= Directions =
Without the pictures, set down every line of the data exactly.

= Recorded data =
────

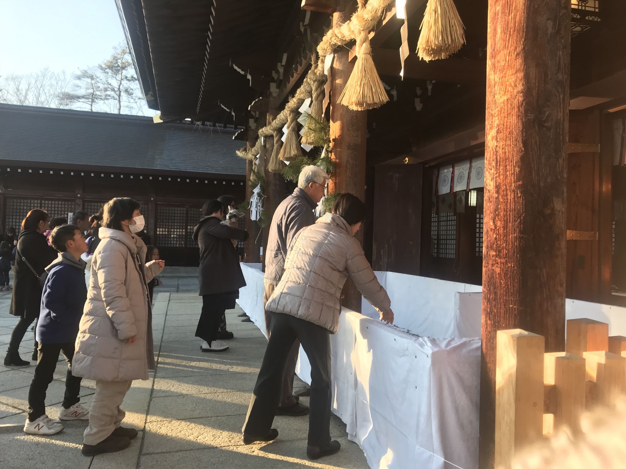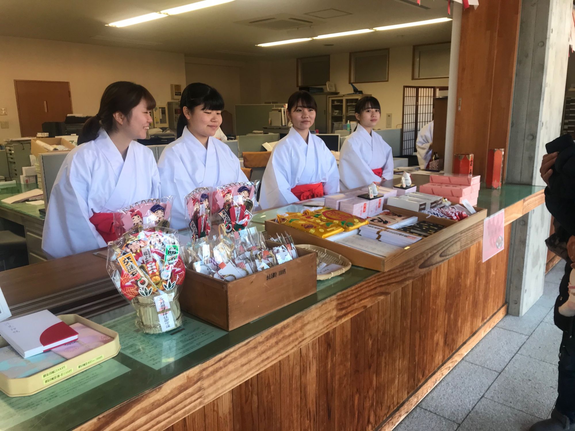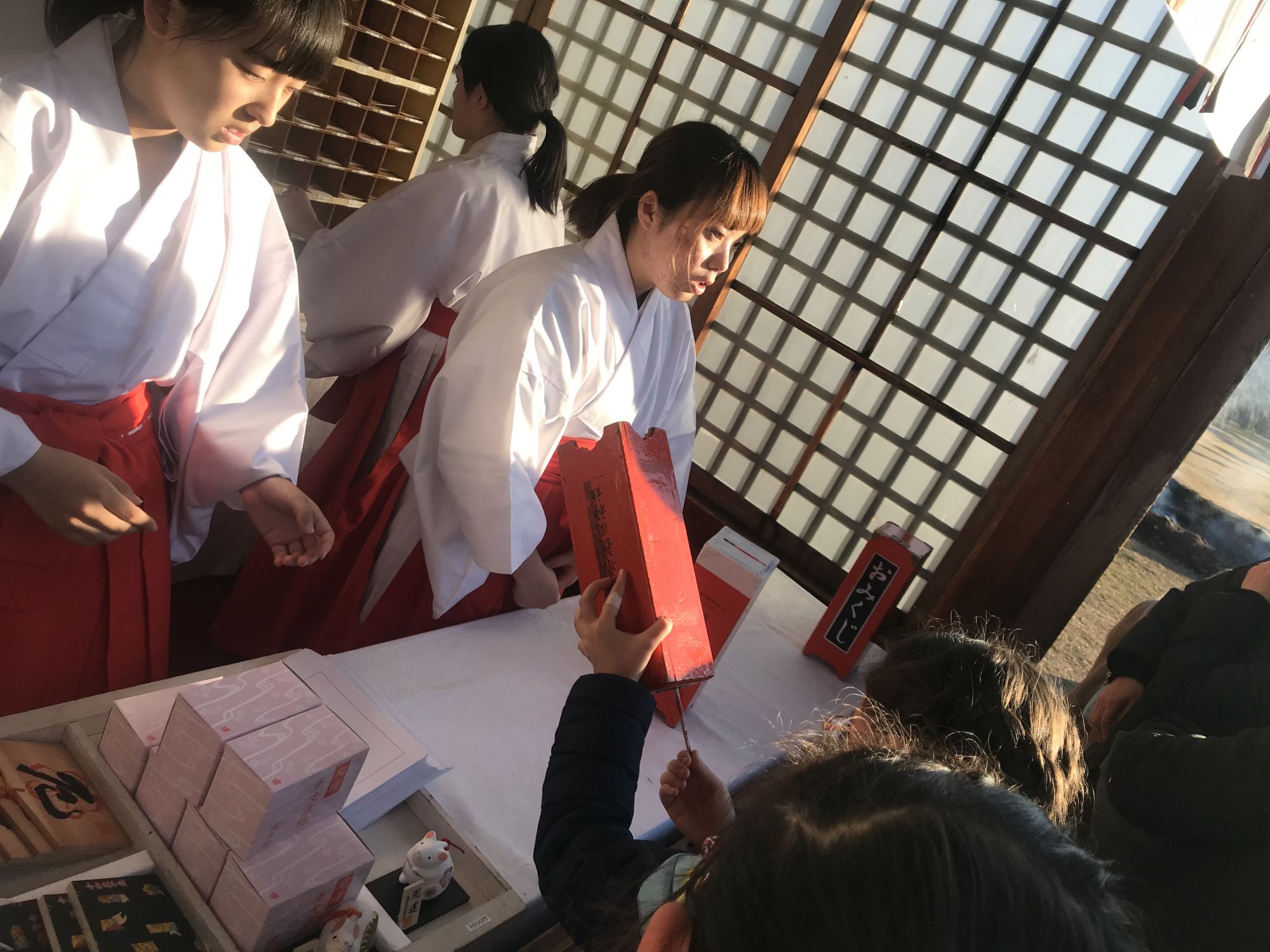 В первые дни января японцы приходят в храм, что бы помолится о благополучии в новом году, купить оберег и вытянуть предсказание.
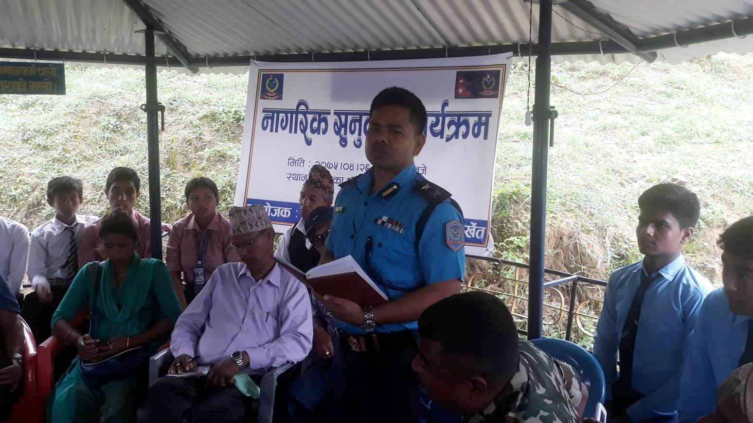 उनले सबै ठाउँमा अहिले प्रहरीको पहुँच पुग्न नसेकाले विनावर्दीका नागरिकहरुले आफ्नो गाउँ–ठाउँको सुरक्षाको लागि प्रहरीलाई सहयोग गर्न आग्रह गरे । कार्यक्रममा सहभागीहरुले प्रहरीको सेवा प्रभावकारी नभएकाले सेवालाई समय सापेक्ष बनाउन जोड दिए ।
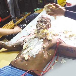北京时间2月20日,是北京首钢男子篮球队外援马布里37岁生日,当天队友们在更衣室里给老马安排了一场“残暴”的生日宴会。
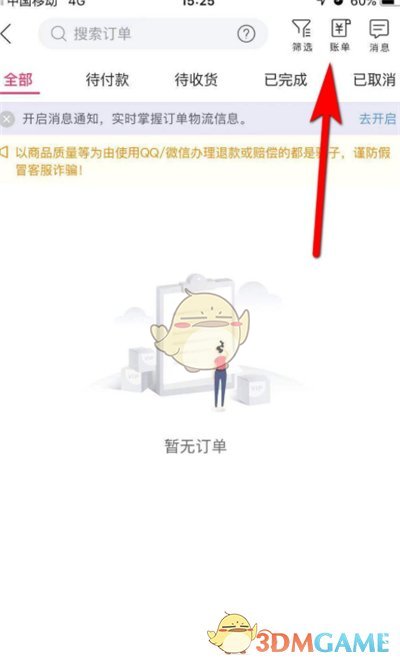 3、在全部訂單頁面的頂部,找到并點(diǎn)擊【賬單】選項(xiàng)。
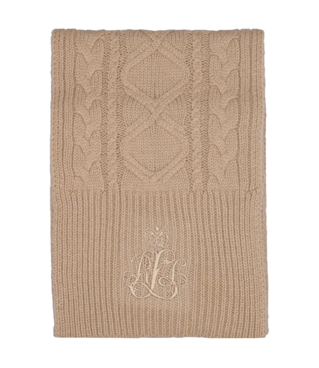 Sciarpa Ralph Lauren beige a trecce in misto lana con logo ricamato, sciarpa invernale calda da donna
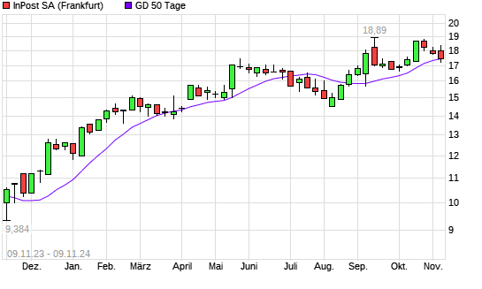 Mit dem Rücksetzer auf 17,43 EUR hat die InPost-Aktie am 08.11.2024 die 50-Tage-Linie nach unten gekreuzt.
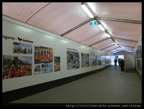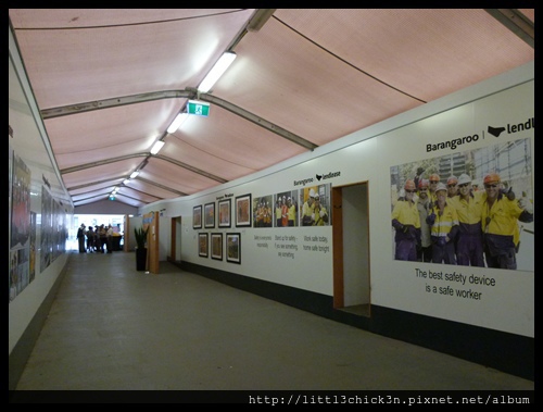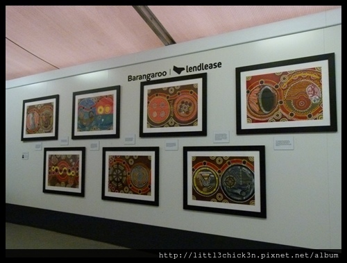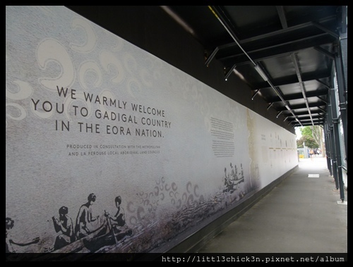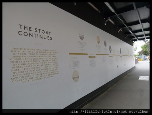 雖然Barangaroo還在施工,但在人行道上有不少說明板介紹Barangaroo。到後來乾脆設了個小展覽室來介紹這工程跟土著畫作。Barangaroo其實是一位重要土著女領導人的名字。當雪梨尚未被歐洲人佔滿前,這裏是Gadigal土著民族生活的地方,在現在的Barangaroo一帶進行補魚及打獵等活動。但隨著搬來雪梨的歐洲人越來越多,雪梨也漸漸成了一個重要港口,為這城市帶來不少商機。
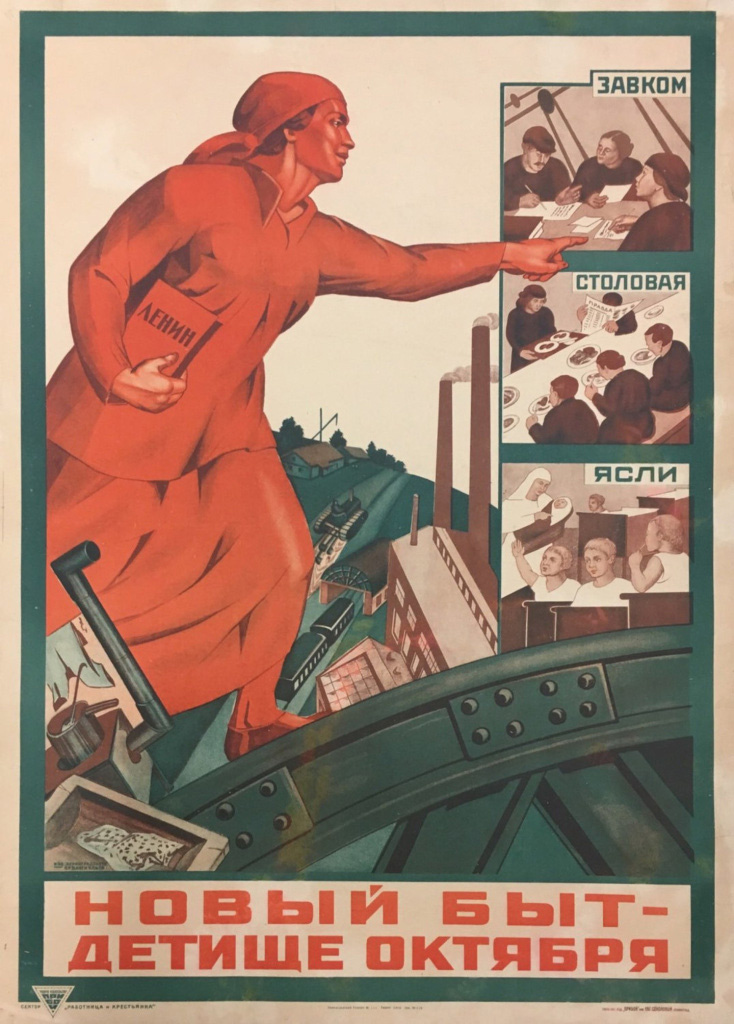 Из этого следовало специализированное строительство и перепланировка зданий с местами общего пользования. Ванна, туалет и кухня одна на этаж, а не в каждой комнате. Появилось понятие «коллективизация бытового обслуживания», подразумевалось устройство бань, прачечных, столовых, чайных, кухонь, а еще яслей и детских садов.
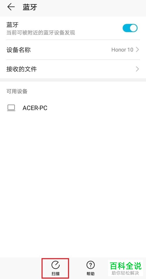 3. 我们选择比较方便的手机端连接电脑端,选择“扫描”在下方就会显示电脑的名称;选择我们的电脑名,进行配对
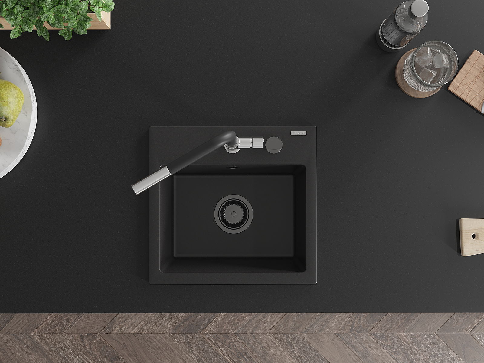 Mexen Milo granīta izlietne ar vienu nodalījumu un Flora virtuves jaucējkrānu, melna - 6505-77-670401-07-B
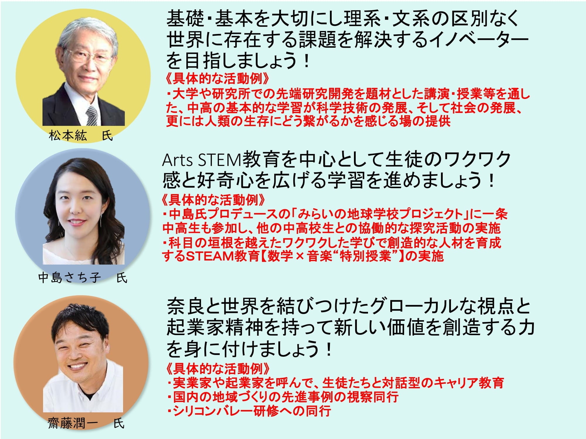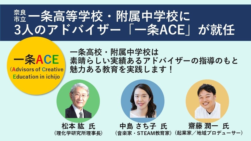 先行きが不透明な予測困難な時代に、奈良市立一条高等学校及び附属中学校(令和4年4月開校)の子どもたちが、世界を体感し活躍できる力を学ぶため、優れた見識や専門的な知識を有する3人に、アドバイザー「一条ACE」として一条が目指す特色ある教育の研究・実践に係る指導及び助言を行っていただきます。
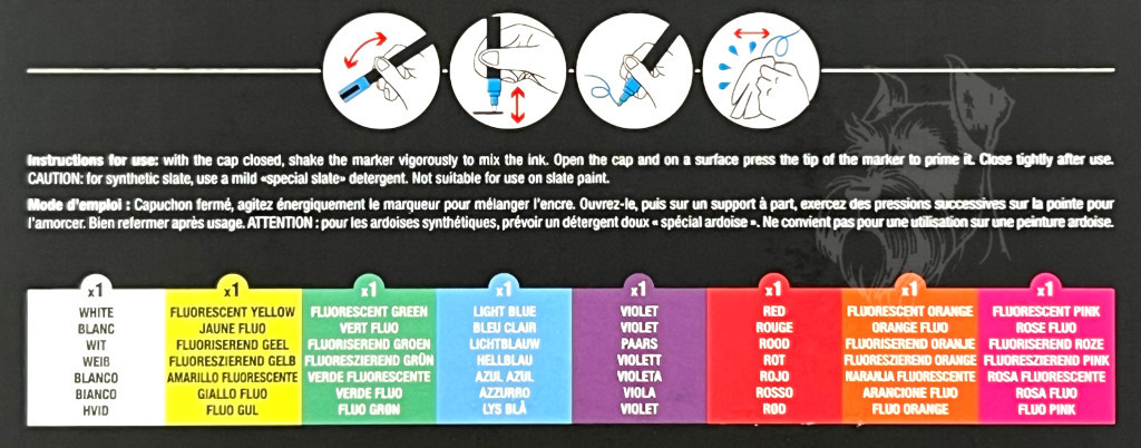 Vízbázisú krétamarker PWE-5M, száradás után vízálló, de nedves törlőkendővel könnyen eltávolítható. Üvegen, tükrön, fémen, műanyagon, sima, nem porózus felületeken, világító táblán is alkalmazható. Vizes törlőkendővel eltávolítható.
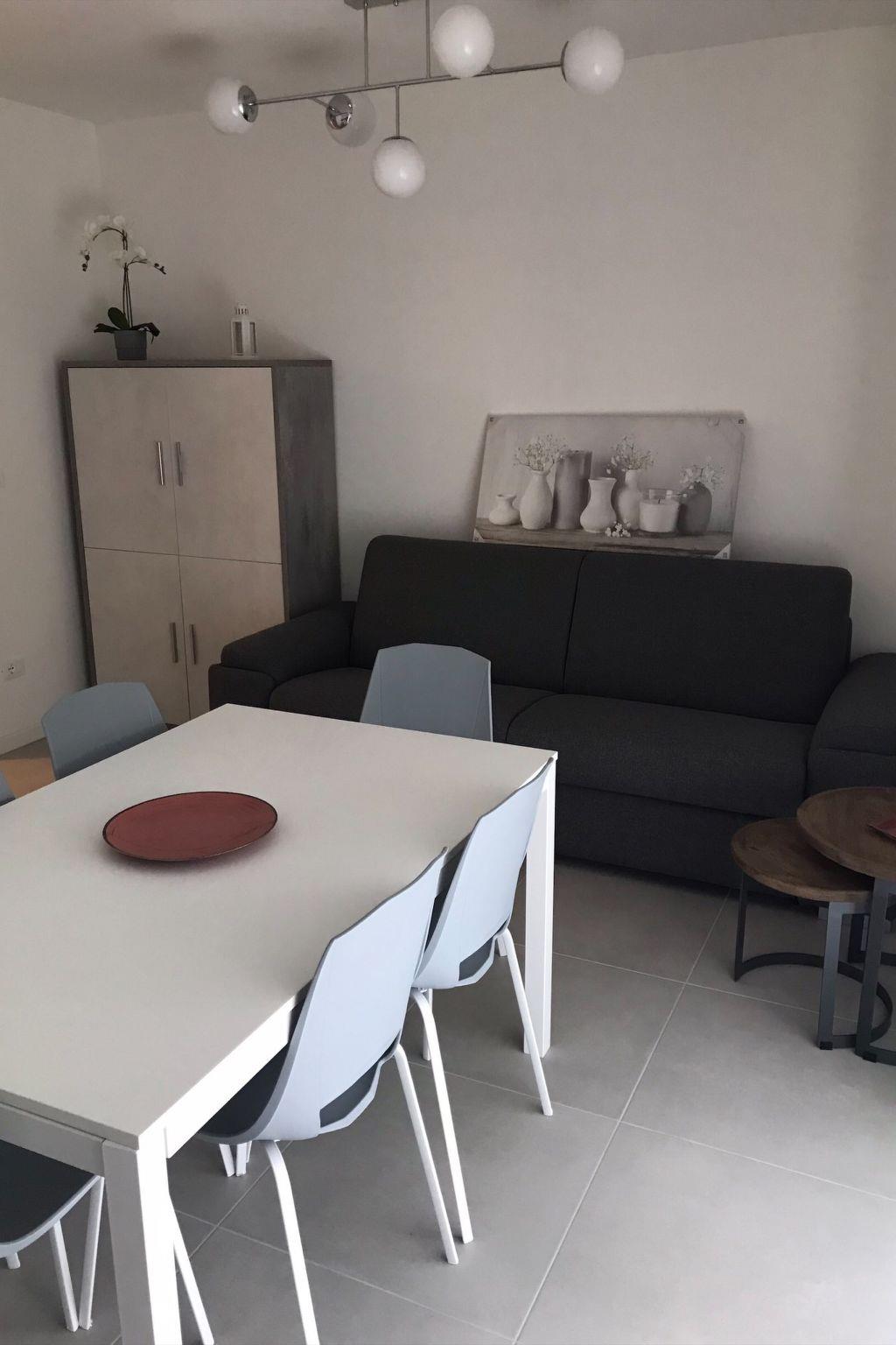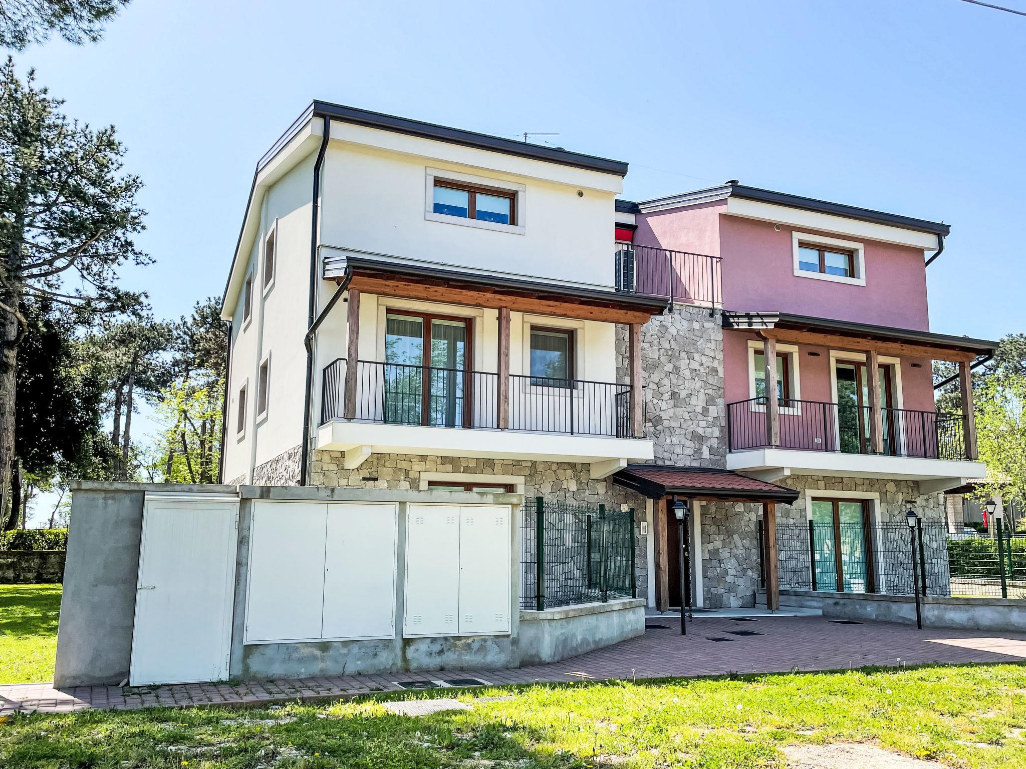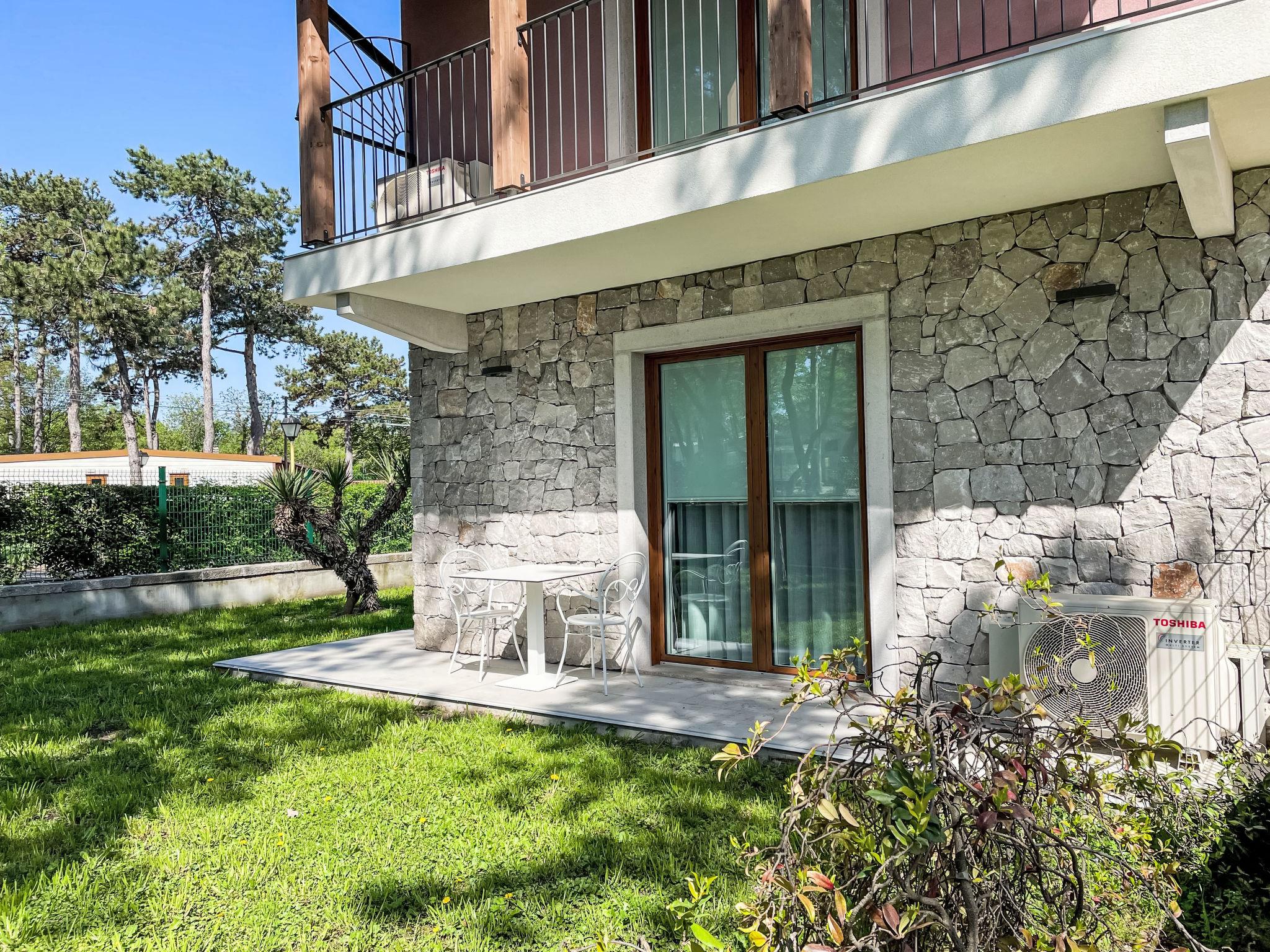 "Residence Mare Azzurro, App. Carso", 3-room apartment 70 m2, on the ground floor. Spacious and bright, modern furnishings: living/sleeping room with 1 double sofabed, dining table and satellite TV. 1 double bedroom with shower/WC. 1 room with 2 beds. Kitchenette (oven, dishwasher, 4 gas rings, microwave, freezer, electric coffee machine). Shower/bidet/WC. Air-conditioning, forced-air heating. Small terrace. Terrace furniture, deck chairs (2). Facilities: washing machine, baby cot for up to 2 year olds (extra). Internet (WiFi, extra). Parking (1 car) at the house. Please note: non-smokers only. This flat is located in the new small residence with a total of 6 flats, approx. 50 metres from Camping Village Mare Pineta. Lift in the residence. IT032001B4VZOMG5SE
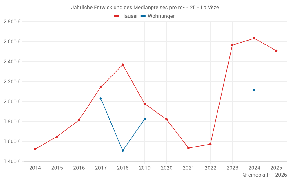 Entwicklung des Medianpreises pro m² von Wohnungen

────

= Exercise result =
 В первые дни января японцы приходят в храм, что бы помолится о благополучии в новом году, купить оберег и вытянуть предсказание.
 उनले सबै ठाउँमा अहिले प्रहरीको पहुँच पुग्न नसेकाले विनावर्दीका नागरिकहरुले आफ्नो गाउँ–ठाउँको सुरक्षाको लागि प्रहरीलाई सहयोग गर्न आग्रह गरे । कार्यक्रममा सहभागीहरुले प्रहरीको सेवा प्रभावकारी नभएकाले सेवालाई समय सापेक्ष बनाउन जोड दिए ।
北京时间2月20日,是北京首钢男子篮球队外援马布里37岁生日,当天队友们在更衣室里给老马安排了一场“残暴”的生日宴会。
 3、在全部訂單頁面的頂部,找到并點(diǎn)擊【賬單】選項(xiàng)。
 Sciarpa Ralph Lauren beige a trecce in misto lana con logo ricamato, sciarpa invernale calda da donna
 Mit dem Rücksetzer auf 17,43 EUR hat die InPost-Aktie am 08.11.2024 die 50-Tage-Linie nach unten gekreuzt.
 雖然Barangaroo還在施工,但在人行道上有不少說明板介紹Barangaroo。到後來乾脆設了個小展覽室來介紹這工程跟土著畫作。Barangaroo其實是一位重要土著女領導人的名字。當雪梨尚未被歐洲人佔滿前,這裏是Gadigal土著民族生活的地方,在現在的Barangaroo一帶進行補魚及打獵等活動。但隨著搬來雪梨的歐洲人越來越多,雪梨也漸漸成了一個重要港口,為這城市帶來不少商機。
 Из этого следовало специализированное строительство и перепланировка зданий с местами общего пользования. Ванна, туалет и кухня одна на этаж, а не в каждой комнате. Появилось понятие «коллективизация бытового обслуживания», подразумевалось устройство бань, прачечных, столовых, чайных, кухонь, а еще яслей и детских садов.
 3. 我们选择比较方便的手机端连接电脑端,选择“扫描”在下方就会显示电脑的名称;选择我们的电脑名,进行配对
 Mexen Milo granīta izlietne ar vienu nodalījumu un Flora virtuves jaucējkrānu, melna - 6505-77-670401-07-B
 先行きが不透明な予測困難な時代に、奈良市立一条高等学校及び附属中学校(令和4年4月開校)の子どもたちが、世界を体感し活躍できる力を学ぶため、優れた見識や専門的な知識を有する3人に、アドバイザー「一条ACE」として一条が目指す特色ある教育の研究・実践に係る指導及び助言を行っていただきます。
 Vízbázisú krétamarker PWE-5M, száradás után vízálló, de nedves törlőkendővel könnyen eltávolítható. Üvegen, tükrön, fémen, műanyagon, sima, nem porózus felületeken, világító táblán is alkalmazható. Vizes törlőkendővel eltávolítható.
 "Residence Mare Azzurro, App. Carso", 3-room apartment 70 m2, on the ground floor. Spacious and bright, modern furnishings: living/sleeping room with 1 double sofabed, dining table and satellite TV. 1 double bedroom with shower/WC. 1 room with 2 beds. Kitchenette (oven, dishwasher, 4 gas rings, microwave, freezer, electric coffee machine). Shower/bidet/WC. Air-conditioning, forced-air heating. Small terrace. Terrace furniture, deck chairs (2). Facilities: washing machine, baby cot for up to 2 year olds (extra). Internet (WiFi, extra). Parking (1 car) at the house. Please note: non-smokers only. This flat is located in the new small residence with a total of 6 flats, approx. 50 metres from Camping Village Mare Pineta. Lift in the residence. IT032001B4VZOMG5SE
 Entwicklung des Medianpreises pro m² von Wohnungen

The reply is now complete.